There is also a growing interest in addressing social challenges and improving relationships with local communities, since these issues can lead to project delays or even cancellations. For example, in Peru, efforts are underway to transform the environmental approval system into one that is much more efficient and transparent for the communities.
Ximena Juárez (09:56):
So to recap, ESG requirements are a trend that will continue in line with the global agenda. But now it's not just investors, governments, and even clients themselves who are demanding that projects be sustainable, transparent and inclusive. In Latin America, especially in major mining countries, stricter regulatory changes are expected — you were just mentioning this issue: a greater demand for consultation and community involvement, as well as increased requirements for reporting and compliance with international standards, right?
Renzo Castillo (10:43):
That's right. And it's also important to highlight that all of this is happening in a context of price volatility for metals and minerals, which increases risk and the need to be much more flexible, both operationally and financially.
Ximena Juárez (10:57):
To wrap things up, what other significant expectations can we realistically look at for the upcoming year of 2026?
Renzo Castillo (11:05):
In the coming years, the Latin American mining industry will deepen its focus on so-called critical minerals such as lithium, copper, nickel, among others, which will be essential for the transition to cleaner economies. These minerals are at the heart of national strategic plans and global supply chains, which is driving competition to develop new deposits and control the region's production.
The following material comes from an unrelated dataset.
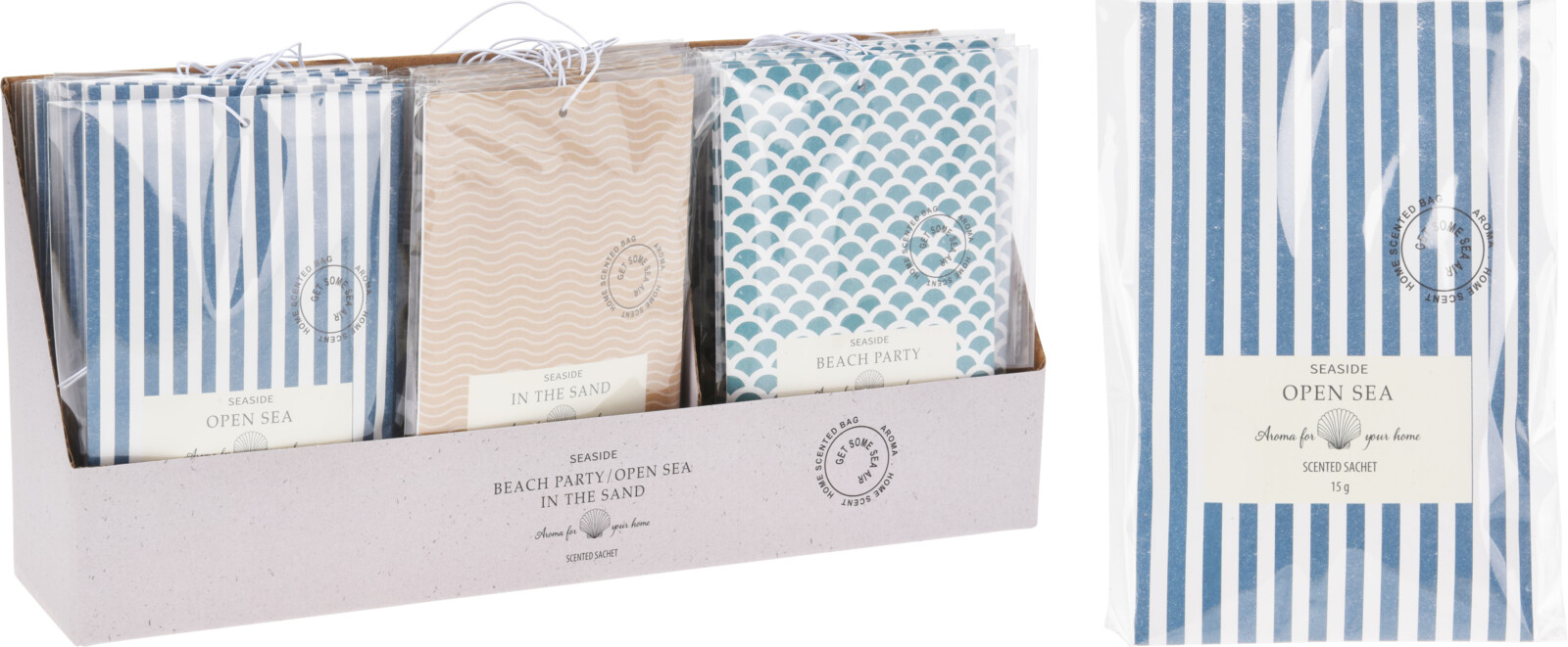 - praktiska doftpåsar, till exempel för garderoben - håller säsongsbetonade textilier och annat fräscht under förvaring - finns i olika dofter (se bild), och vid beställning får du en slumpmässig variant (blandprodukt) - Beach party, In the sand och Open sea - 15 g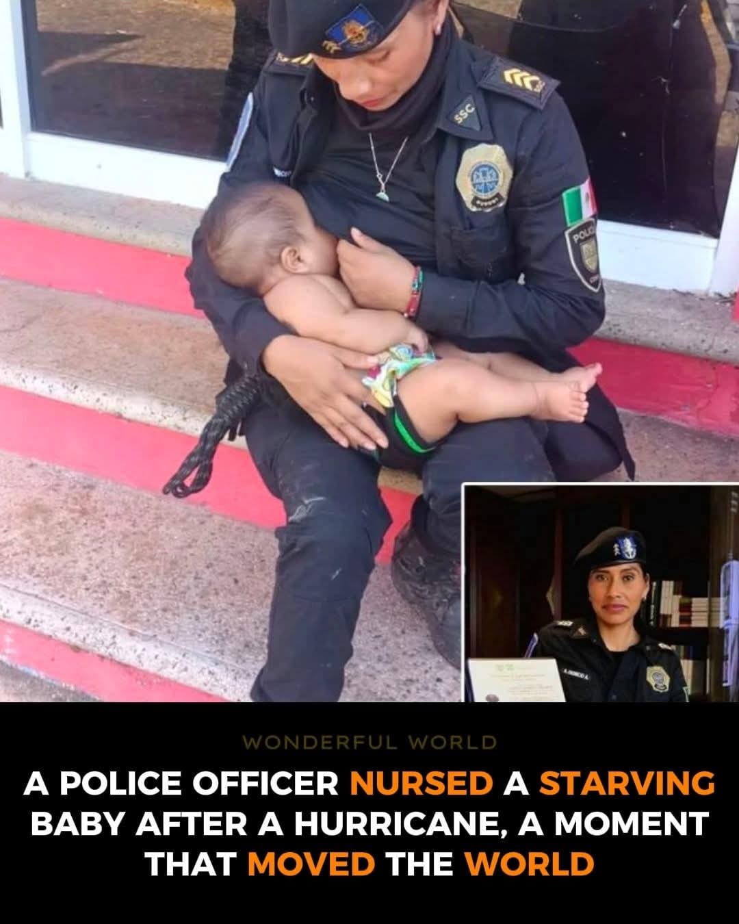 When duty met love, humanity shone through the storm. After Hurricane Otis left Acapulco in ruins, police officer Arizbeth Dionisio Ambrosio searched the wreckage for survivors. Amid the chaos, she found a four-month-old baby hungry, crying, and weak. With nothing else left, the officer did what only compassion could command: she nursed the child herself. No cameras, no orders just an act of pure humanity. The photo of that quiet moment spread across the world, reminding us that true strength isn’t always in power, but in tenderness. For her selfless act, Arizbeth was promoted not just in rank, but in spirit.

In response to this demand, mining companies will need to redouble their efforts in operational efficiency. They will need to emphasize the adoption of technologies to optimize extraction and processing, thereby reducing costs and achieving energy efficiency. Recycling initiatives for metals and their mining products are expected to increase, both to reduce dependence on raw materials and to achieve sustainability goals.
Ximena Juárez (11:54):
Well, relating what you've just mentioned to the situation in other industries, access to financing remains a critical issue, especially for projects in their early stages, such as new explorations, and for these to eventually reach development, which is essential to ensure the future supply of strategic minerals.
Renzo Castillo (12:14):
And additionally, the international environment will continue to be marked by strong geopolitical tensions. The imposition of trade tariffs, mainly by the United States, the concentration of rare earths and other minerals in Asia, and the pursuit of strategic autonomy by major economies create scenarios of uncertainty, but they also open the door to new alliances and partnerships in the region. Many countries and even companies will seek to diversify their trading partners.
In summary, Latin American mining will become increasingly competitive, sustainable and technological, but it will face the constant challenge of quickly adapting to commercial, regulatory, social and geopolitical pressures, while capitalizing on the opportunities arising from the strategic role the region will play in the global energy transition.
Ximena Juárez (13:05):
Excellent conclusion. Thank you very much for your contribution, Renzo. And if you would like to delve deeper into any of the topics we discussed today, please don't hesitate to contact us by email or at the phone number shown on screen. We appreciate your time and hope that this information has been valuable in supporting your international business decisions and strategies. Thank you for joining us, and see you in the next edition of Navigating the Currents of Change.